Jim Mallinder, Northampton’s director of rugby, has queried Dylan Hartley’s omission from England’s ill-fated World Cup squad. “When you’re picking your team you want your best players playing, full stop,” he said. “I’d want Dylan Hartley in my team, whether that’s for Northampton, England or the Lions.”
England’s long-established hooker was left out because of a suspension that would bar him from England’s opening match of the tournament. It was felt too much of a gamble to go into the game against Fiji with only two of three hookers available. Then Wales and Australia proceeded to pick only two hookers for the entirety of the tournament (although Australia have since added a third).
“I look around at other countries and they do their very, very best to get their best players available,” said Mallinder. “I don’t think we did that. Dylan brings massive experience and his set-piece work is one of the best in the world.”
Mallinder was joined on Thursday by all the other Premiership directors of rugby at the official launch of the new domestic campaign. Naturally talk of Stuart Lancaster’s job was high on the agenda and while none of them stood up to say they wanted it, Mallinder was happy to admit it remains an ambition for him. But the theme that kept emerging was regret at the inflexibility of Lancaster.
Hartley’s non-selection may be one example but the problems went deeper than that. Rob Baxter, Exeter’s director of rugby, said: “Stuart was put in place because the England players were deemed to have been [at the last World Cup] on a bit of a jolly. It certainly wasn’t as black and white as that but you can’t change that to now all the players are going to be perfect, which is what the RFU wanted. There has to be a middle ground. I’d have liked to see a really vibrant, characterful England team, enjoying themselves, celebrating some good moments.

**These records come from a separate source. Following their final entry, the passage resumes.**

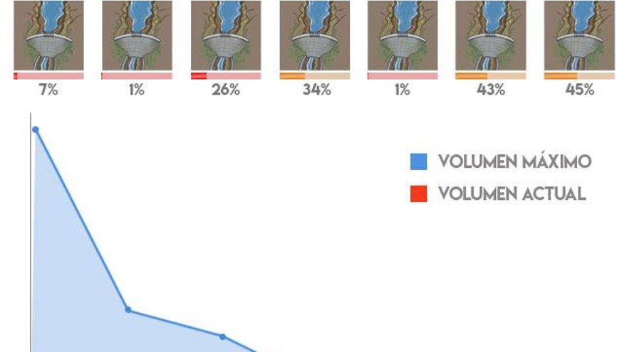 Algunas de las grandes presas públicas del sur grancanario se encuentran prácticamente vacías, como es el caso de Fataga o Ayagaures, que están al 1% de su capacidad. En Soria, embalse semipúblico con 12.924.960 metros cúbicos de capacidad y 120 metros de altura, está sólo al 0,25% con 32.460 m3 de agua.
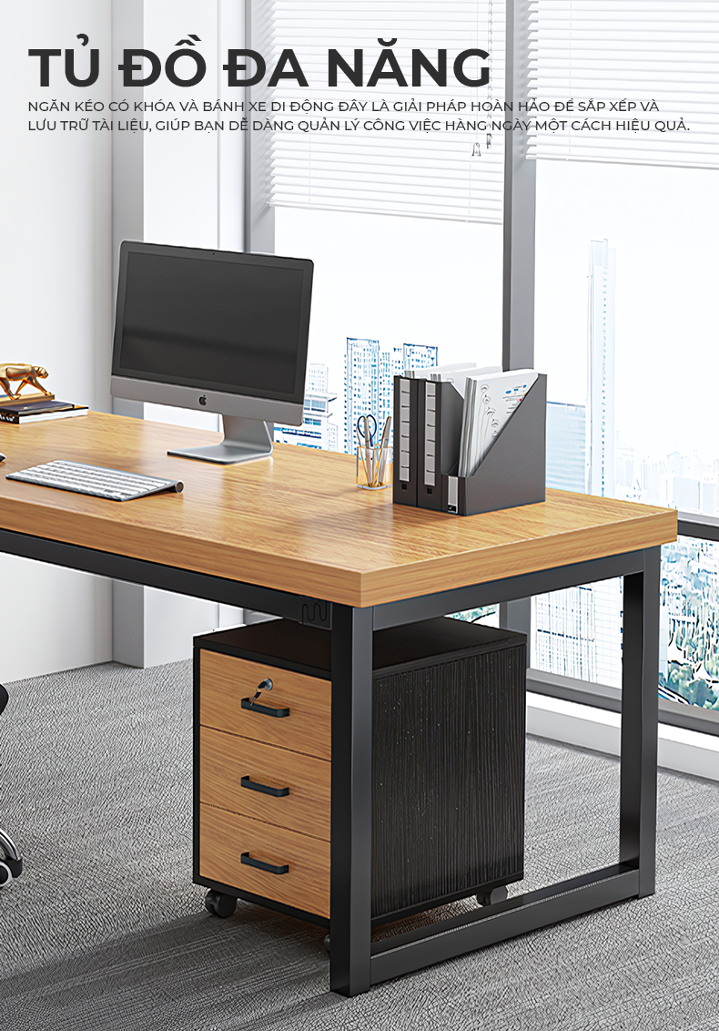 Tủ tài liệu 3 ngăn kéo, có bánh xe.
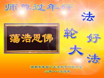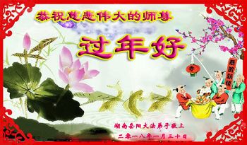 春回大地万象新 中华儿女迎新年 同颂师尊慈悲度 同祝师尊新年好 二零零八年二月九日 湖南省娄底市新化县全体大法弟子恭祝慈悲伟大的师尊新年快乐!

What we’ve actually seen is very little enjoyment, very few smiles, very few characters. It should have been the best experience of their lives.”
Most of the coaches at the Stoop on Thursday have players they are going to have to manage, either because they have been in the firing line the past few weeks, or because they have not and feel they should have been. Conor O’Shea of Harlequins spoke passionately in defence of Chris Robshaw, who is the only Harlequin who will be given a break when he returns from the England camp, and railed against the “hindsight coaching” of people who think they would have done differently.
Richard Cockerill of Leicester felt the Manu Tuilagi situation could have been handled more sensitively by attributing his absence from the squad to injury rather than suspension. He hopes Tuilagi will return to action by the new year and claims to be “90%” towards agreeing a new deal with the centre. “Manu would have liked more support [from the England management, following his altercation with a taxi driver in April],” Cockerill said. “You can’t excuse what he did but he’s a young man and he was in a bad place with his injury. There are lots of Kiwis who misbehave. They don’t punish them. They help them.”
Baxter has a young centre of his own at Exeter in Henry Slade, who was overlooked when it mattered, albeit for different reasons. Had England incorporated his creative skills into their back division against Wales, Baxter believes they would still be in the tournament.
“The criminal thing in the Wales game was that England’s forwards had so much dominance it should never have come to a fightback by Wales. A more adventurous selection would have reaped dividends. England should have been 20-25 points clear. They didn’t need to pick a backline to win a close battle. They got the kind of game they picked the team for. When you go from having a successful game against Wales, as they did the last time they played them, with a certain formula – to drop out of that formula takes some answering. I think that’s the million dollar question we’re all baffled about.”